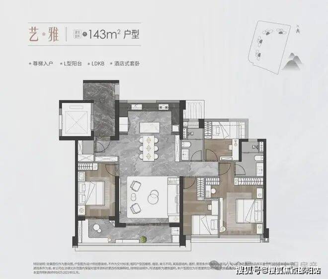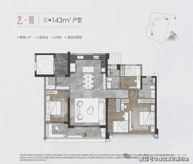 中海麓府体量不大,仅4栋住宅,40多层高的住宅(1#高40层,2-3#高44层,5#高41层),两梯三户,底下规划有1所12班幼儿园+1栋自持物业,货量在500套上下,它的面积段有三种,分别是建面约126㎡三房、143㎡和170㎡的四房
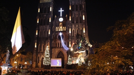 Vovworld-ក្នុងប៉ុន្មានថ្ងៃនេះ បរិយាកាសបុណ្យគ្រីសម៉ាស់ បានក្រូបដណ្ដប់ទៅលើគ្រប់វិថីទីក្រុងហាណូយ។ ហាណូយត្រូវបានតុបតែងដ៏ស្អាតដោយដើមស្រន លោកតា Noel ជាដើម។ រួមជាមួយជនរួមជាតិគ្រឹស សាសនិកលើទូទាំងប្រទេស បុព្វជិកហាណូយចំនួន១៨៥ពាន់នាក់កំពុងស្វាគម បុណ្យគ្រីសម៉ាស់មួយសុខសាន្តត្រាណសុភមង្គល។
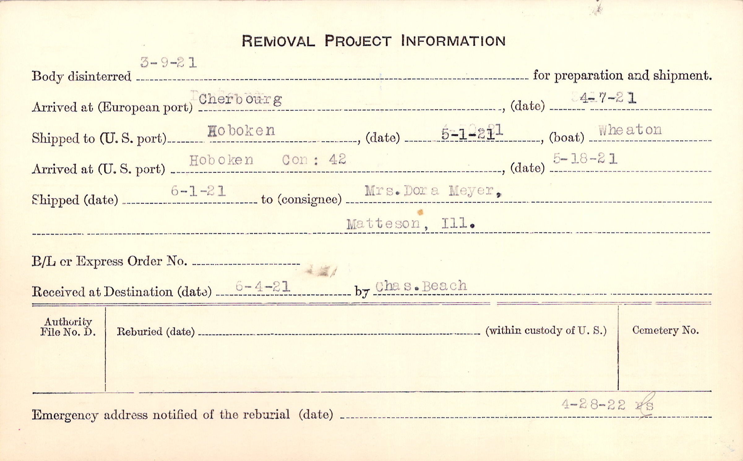 Body disinterred 3/9/1921 for preparation and shipment.
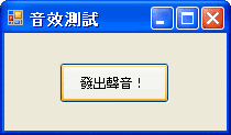 下圖為一個以VB編製的簡單音效播放器,視窗只有一個按鈕(Button1),按下便會發出聲響。
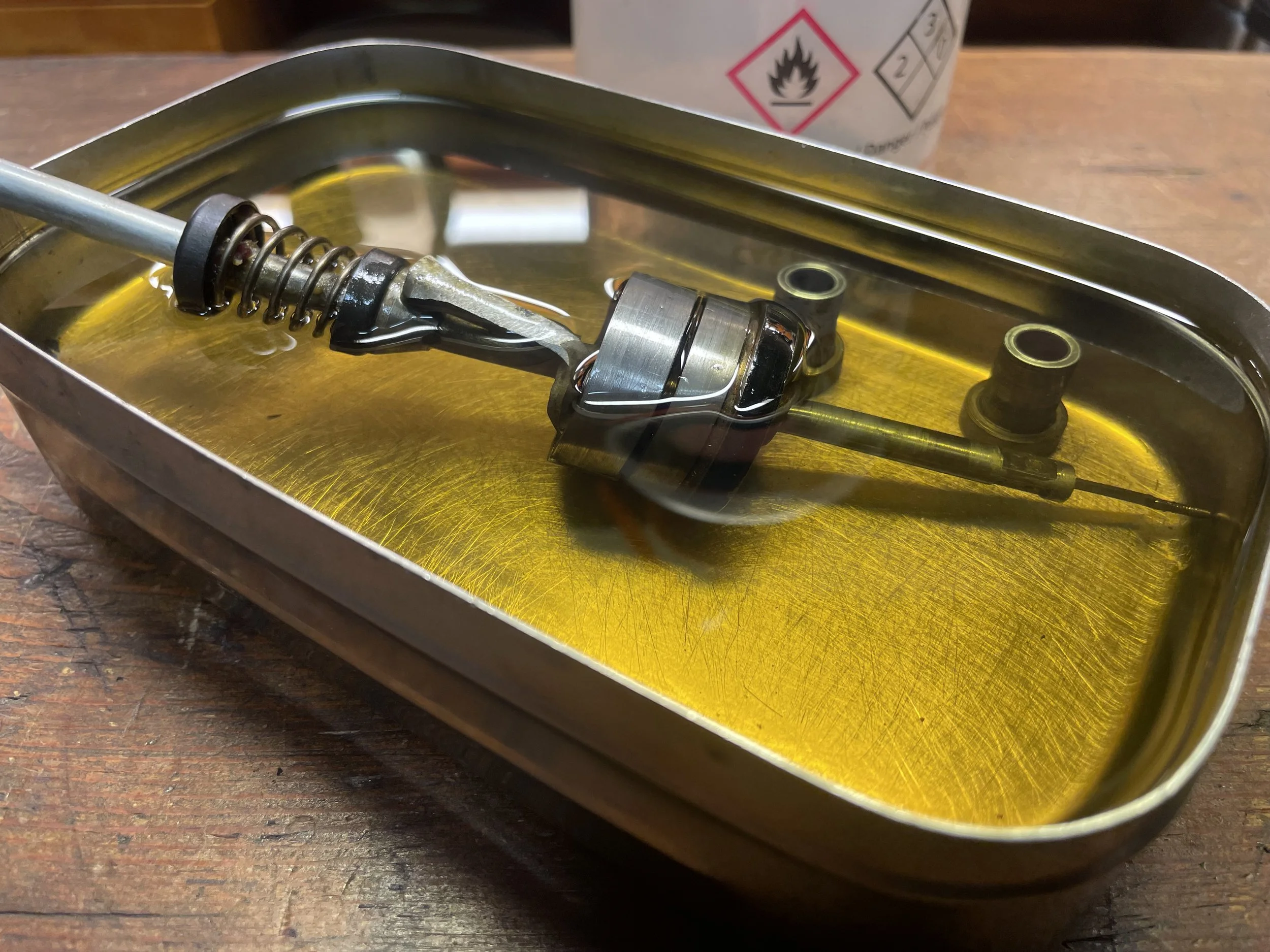 Key-rings were soaking long enough to start working on them. Metal brush comes handy in removing gunk rests.
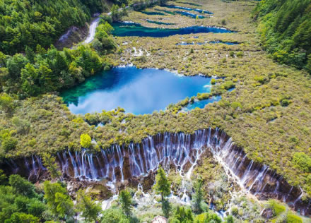 樹正群海海拔2187—2280米。其地形是在河谷迭加泥石流堆積物基礎(chǔ)上,再經(jīng)鈣華沉積,形成大小19個湖泊,順著溝谷層層迭迭。該處森林、湖泊、小瀑布相錯相連,呈現(xiàn)“樹在水中生,水在林間流,人在畫中游”的奇特景觀。
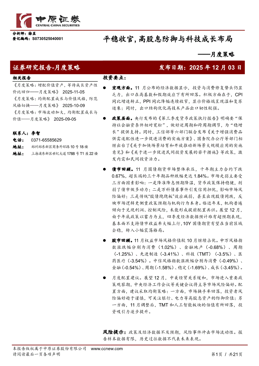 研报:中原证券-月度策略:平稳收官,高股息防御与科技成长布局-251203
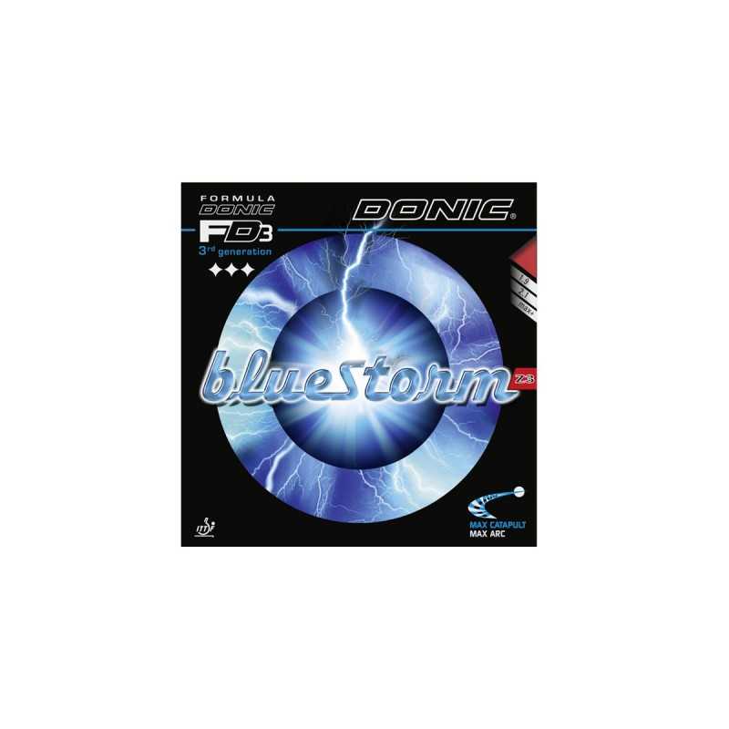 DONIC BlueStorm Z3: Una tormenta de rayos!Z3 con su gran poro y esponja de 42.5º es considerada bastante blanda. Este es su factor diferencial. No sólo podrás notarla, también podrás oirla.Quienes eran seguidores del pegamento rápido se entusiasmaran con su delicioso sonido. Un golpe atacante con BlueStrom Z3 suena como el ruido de un rayo pero con control total.¡Siente el sonido y potencia del rayo!
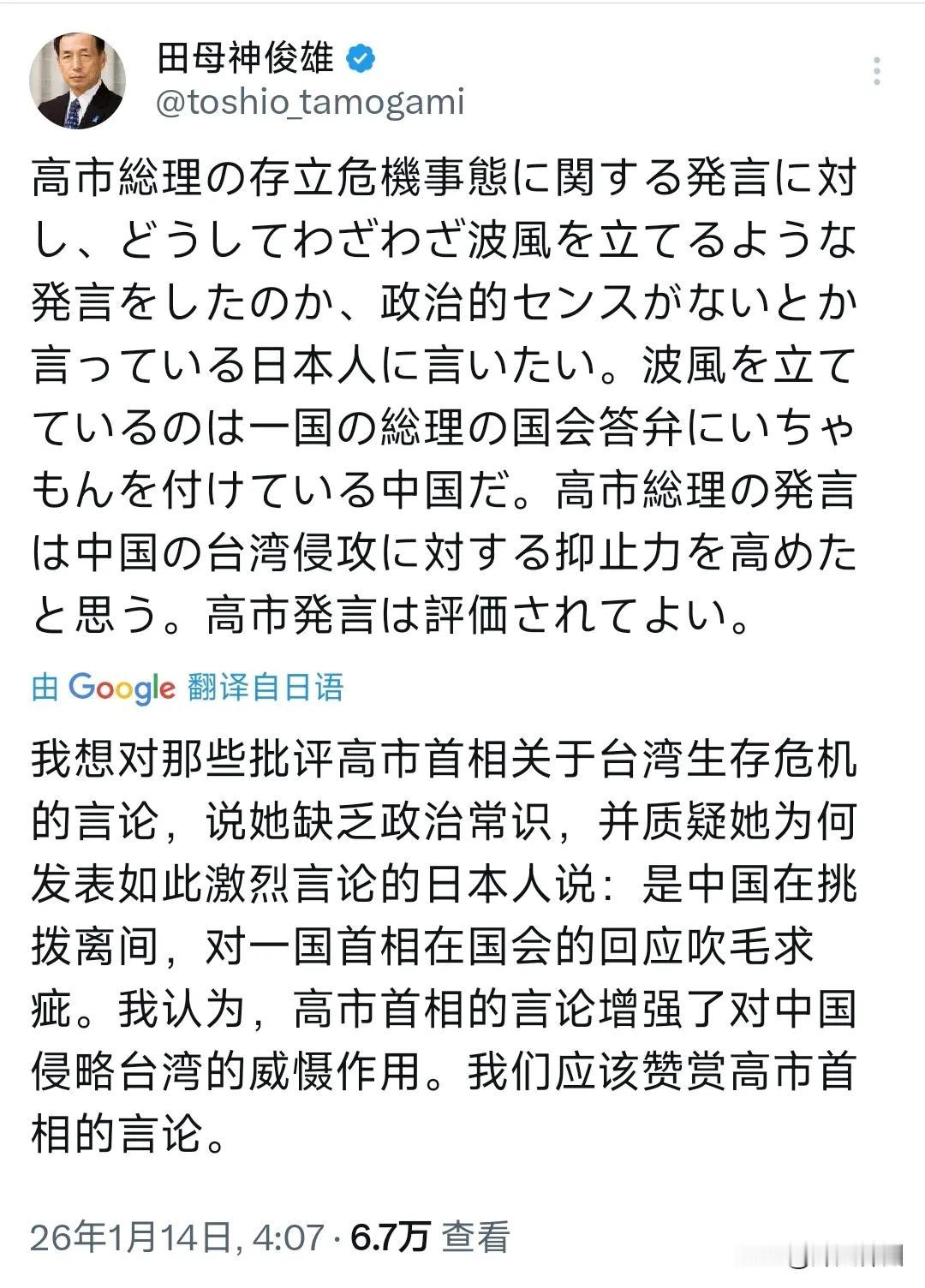 日本极右翼政客、前日本航空自卫队幕僚长田母神俊雄今天(1月14日)写道:“我想对那些批评高市首相关于台湾生存危机的言论,说她缺乏政治常识,并质疑她为何发表如此激烈言论的日本人说:是中国在挑拨离间,对一国首相在国会的回应吹毛求疵。我认为,高市首相的言论增强了对中国侵略台湾的威慑作用。我们应该赞赏高市首相的言论。” 评几句: 日本前航空自卫队幕僚长田母神俊雄近日就高市早苗涉台言论发声,不仅为其相关表态站台,还声称中国“挑拨离间”,甚至将此类言论称作“威慑中国侵略台湾”的举措,这番说辞与公认的历史法理和客观事实不符。 台湾是中国领土不可分割的一部分,这是国际社会公认的事实,更是《开罗宣言》《波茨坦公告》等一系列国际法文件明确规定的内容,也是1972年《中日联合声明》确立的共识。据公开报道,高市早苗曾将台湾问题与所谓“日本生存危机”相关联,此类言论本质上是对中国内政的介入;田母神俊雄为之发声的行为,无疑会对地区局势的稳定造成负面影响。 世界上只有一个中国,台湾问题纯属中国内政,任何外部势力都无权干涉。相关日本政客的类似言论,既违背历史潮流,也无视中日两国的共同利益。中国捍卫国家主权和领土完整的决心坚定不移,任何妄图插手台湾问题的举动,都不符合地区国家的共同期待。
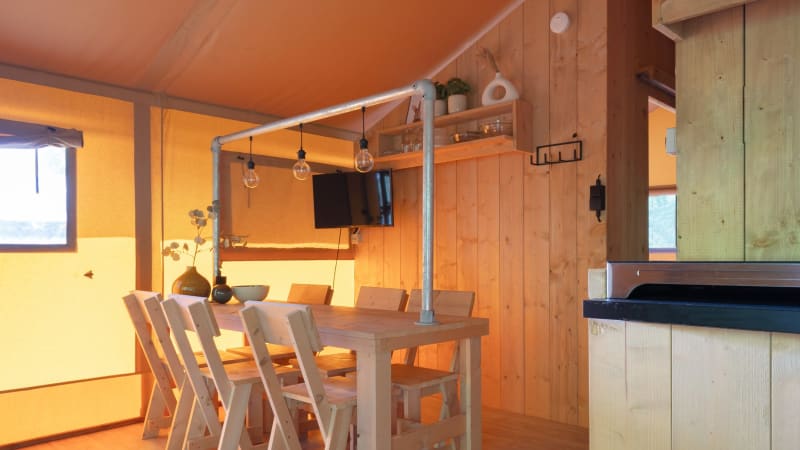 Das gemütliche Wohnzimmer ist mit einem großen Esstisch und sechs Stühlen ausgestattet. Besonders luxuriös: Dieses Safarizelt verfügt über Bodenheizung.
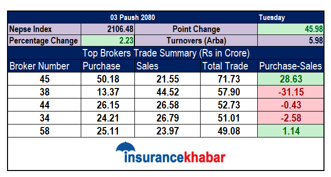 त्यस्तै दोस्रोमा ब्रोकर नं. ३८ रहेको छ। यो ब्रोकरबाट १३ करोड ३७ लाख रुपैयाँको शेयर खरिद हुँदा ४४ करोड ५२ लाख रुपैयाँको शेयर बिक्री भएको छ।
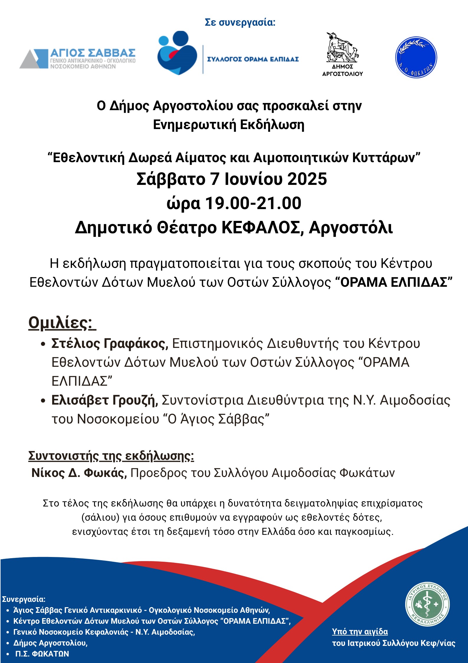 Ενημερωτική εκδήλωση “Εθελοντική Δωρεά Αίματος και Αιμοποιητικών Κυττάρων” στο Αργοστόλι
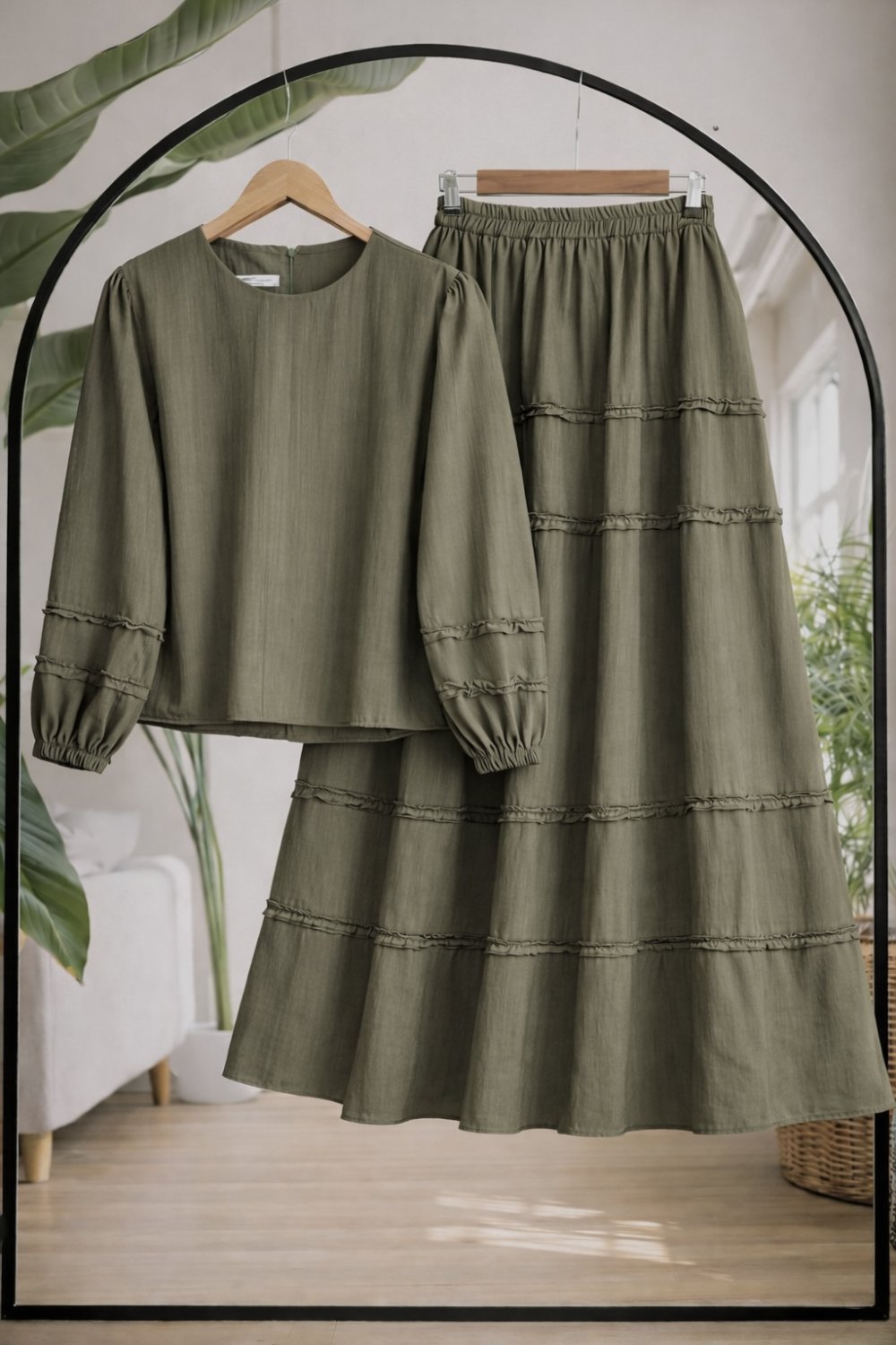 Etek ve kol fırfırlı Takım Yeşil UMS50342
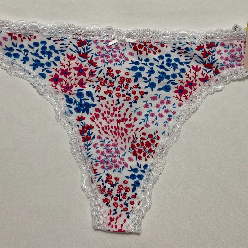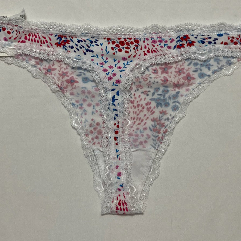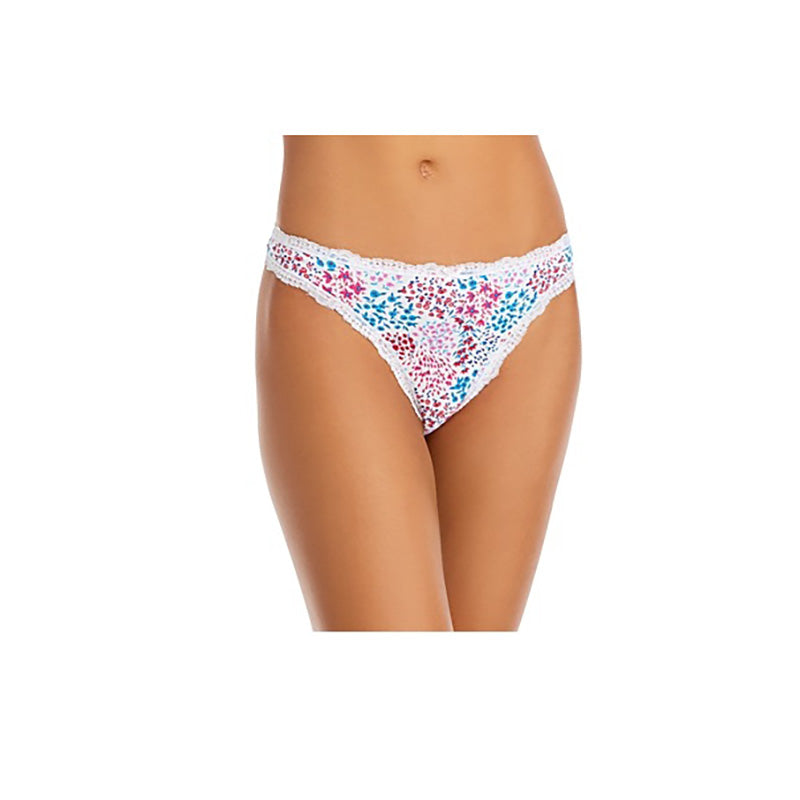 AQUA Intimates Lace Trim Thong White Ditsy L
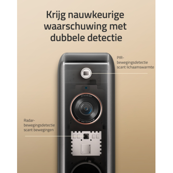 Video Doorbell Dual 2K met HDR Bewaking met Quad HD kan bezoekers aan de hand van de kleinste details identificeren. En dankzij het grote dynamische bereik zie je bezoekers met perfecte kleur en scherpte, ook als de zon achter ze staat. PD eufy Security Video Doorbell Dual (op batterijen) Van eufy, waar privacy voorop staat. De geavanceerde PIR- en radarbewegingssensoren kunnen zowel verre als nabije objecten onderscheiden en brengen het aantal valse alarmen met 95% terug.
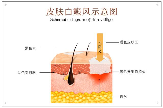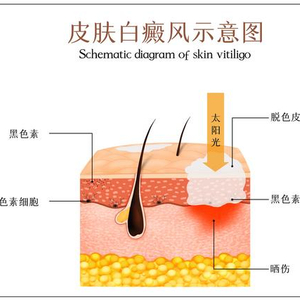 6、白癜风:又称白驳风,是后天性局限性皮肤色素脱失症,患者常无自觉症状。黑素细胞可产生黑色素,而黑色素可赋予皮肤、头发和眼睛颜色。若黑素细胞死亡或停止产生黑色素,则可导致色素脱失,引起白癜风的发生。
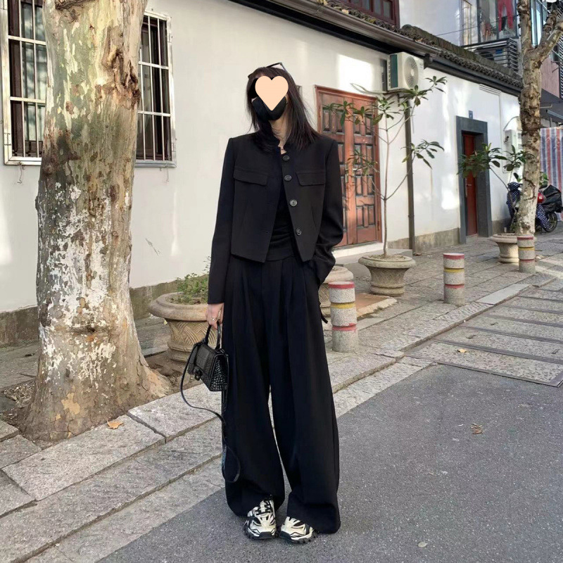 봄 2025 새로운 가을 짧은 서양식 세트 세트 여성 디자인 센스 작은 재킷 세트 바지 투피스 세트스토어 가기

□ □ □ □ □

To do:
In the entries above, find the line that contains "Etek ve kol fırfırlı Takım Yeşil UMS50342", then repeat exactly every line from the first one through that line, with no pictures.

Result of this exercise:
 中海麓府体量不大,仅4栋住宅,40多层高的住宅(1#高40层,2-3#高44层,5#高41层),两梯三户,底下规划有1所12班幼儿园+1栋自持物业,货量在500套上下,它的面积段有三种,分别是建面约126㎡三房、143㎡和170㎡的四房
 Vovworld-ក្នុងប៉ុន្មានថ្ងៃនេះ បរិយាកាសបុណ្យគ្រីសម៉ាស់ បានក្រូបដណ្ដប់ទៅលើគ្រប់វិថីទីក្រុងហាណូយ។ ហាណូយត្រូវបានតុបតែងដ៏ស្អាតដោយដើមស្រន លោកតា Noel ជាដើម។ រួមជាមួយជនរួមជាតិគ្រឹស សាសនិកលើទូទាំងប្រទេស បុព្វជិកហាណូយចំនួន១៨៥ពាន់នាក់កំពុងស្វាគម បុណ្យគ្រីសម៉ាស់មួយសុខសាន្តត្រាណសុភមង្គល។
 Body disinterred 3/9/1921 for preparation and shipment.
 下圖為一個以VB編製的簡單音效播放器,視窗只有一個按鈕(Button1),按下便會發出聲響。
 Key-rings were soaking long enough to start working on them. Metal brush comes handy in removing gunk rests.
 樹正群海海拔2187—2280米。其地形是在河谷迭加泥石流堆積物基礎(chǔ)上,再經(jīng)鈣華沉積,形成大小19個湖泊,順著溝谷層層迭迭。該處森林、湖泊、小瀑布相錯相連,呈現(xiàn)“樹在水中生,水在林間流,人在畫中游”的奇特景觀。
 研报:中原证券-月度策略:平稳收官,高股息防御与科技成长布局-251203
 DONIC BlueStorm Z3: Una tormenta de rayos!Z3 con su gran poro y esponja de 42.5º es considerada bastante blanda. Este es su factor diferencial. No sólo podrás notarla, también podrás oirla.Quienes eran seguidores del pegamento rápido se entusiasmaran con su delicioso sonido. Un golpe atacante con BlueStrom Z3 suena como el ruido de un rayo pero con control total.¡Siente el sonido y potencia del rayo!
 日本极右翼政客、前日本航空自卫队幕僚长田母神俊雄今天(1月14日)写道:“我想对那些批评高市首相关于台湾生存危机的言论,说她缺乏政治常识,并质疑她为何发表如此激烈言论的日本人说:是中国在挑拨离间,对一国首相在国会的回应吹毛求疵。我认为,高市首相的言论增强了对中国侵略台湾的威慑作用。我们应该赞赏高市首相的言论。” 评几句: 日本前航空自卫队幕僚长田母神俊雄近日就高市早苗涉台言论发声,不仅为其相关表态站台,还声称中国“挑拨离间”,甚至将此类言论称作“威慑中国侵略台湾”的举措,这番说辞与公认的历史法理和客观事实不符。 台湾是中国领土不可分割的一部分,这是国际社会公认的事实,更是《开罗宣言》《波茨坦公告》等一系列国际法文件明确规定的内容,也是1972年《中日联合声明》确立的共识。据公开报道,高市早苗曾将台湾问题与所谓“日本生存危机”相关联,此类言论本质上是对中国内政的介入;田母神俊雄为之发声的行为,无疑会对地区局势的稳定造成负面影响。 世界上只有一个中国,台湾问题纯属中国内政,任何外部势力都无权干涉。相关日本政客的类似言论,既违背历史潮流,也无视中日两国的共同利益。中国捍卫国家主权和领土完整的决心坚定不移,任何妄图插手台湾问题的举动,都不符合地区国家的共同期待。
 Das gemütliche Wohnzimmer ist mit einem großen Esstisch und sechs Stühlen ausgestattet. Besonders luxuriös: Dieses Safarizelt verfügt über Bodenheizung.
 त्यस्तै दोस्रोमा ब्रोकर नं. ३८ रहेको छ। यो ब्रोकरबाट १३ करोड ३७ लाख रुपैयाँको शेयर खरिद हुँदा ४४ करोड ५२ लाख रुपैयाँको शेयर बिक्री भएको छ।
 Ενημερωτική εκδήλωση “Εθελοντική Δωρεά Αίματος και Αιμοποιητικών Κυττάρων” στο Αργοστόλι
 Etek ve kol fırfırlı Takım Yeşil UMS50342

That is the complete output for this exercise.